# VLC & Poor DVD Playback



## jp1203 (Jul 21, 2005)

There are two problems I have been having with VLC Media Player:

1.	(This has always been this way, even after I completely wiped the hard disk and reinstalled everything) VLC will not play DVDs on my account (Administrator Group) It plays the audio, but the video is grey. On the Administrator Account, it plays them with video and audio.
2.	Just lately, after no real changes to the system, VLC has been playing DVDs in a very choppy manner. I have re-installed the latest version, and stopped all unnecessary running processes. It seems to pause quickly every half second or so sometimes, but other times it's like a game that isn't running right-the movement is just choppy and unsteady. 

What could be causing this and how would I fix it?

Thanks,
J.S.


----------



## justfei (Mar 15, 2005)

im not too sure about this but maybe check the menu bar --> video --> video track

sometimes you can choose which track to play.

i had a problem with my video's audio so then i realised that i could change its track under the audio options, then it worked fine.

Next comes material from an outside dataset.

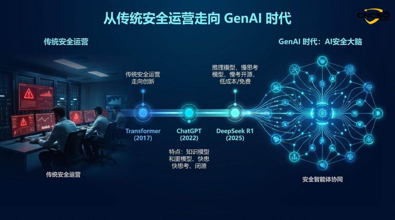 人工智能(AI)正在加速重塑网络安全产业的技术架构与运营范式。从Transformer模型(2017)到ChatGPT的知识表示革命(2018-2024),再到DeepSeek R1通过强化学习与混合专家模型实现成本创新(2025),AI在安全领域的应用已从探索阶段进入规模化落地阶段。

anyway just give it a shot, im not really sure, just a random thought!


----------



## MysticEyes (Mar 30, 2002)

Maybe you'll get some answers here:

http://forum.videolan.org/


----------



## jp1203 (Jul 21, 2005)

I tried posting something over there: http://forum.videolan.org/viewtopic.php?t=26474&highlight=

It's five days old and noone's said anything.

Sorry it took so long to reply, I went on vacation then didn't get an E-mail notification for the thread, so since I hadn't tried a movie, I forgot.

I tried your suggestion mister.fei didn't have any luck, thanks anyway.


----------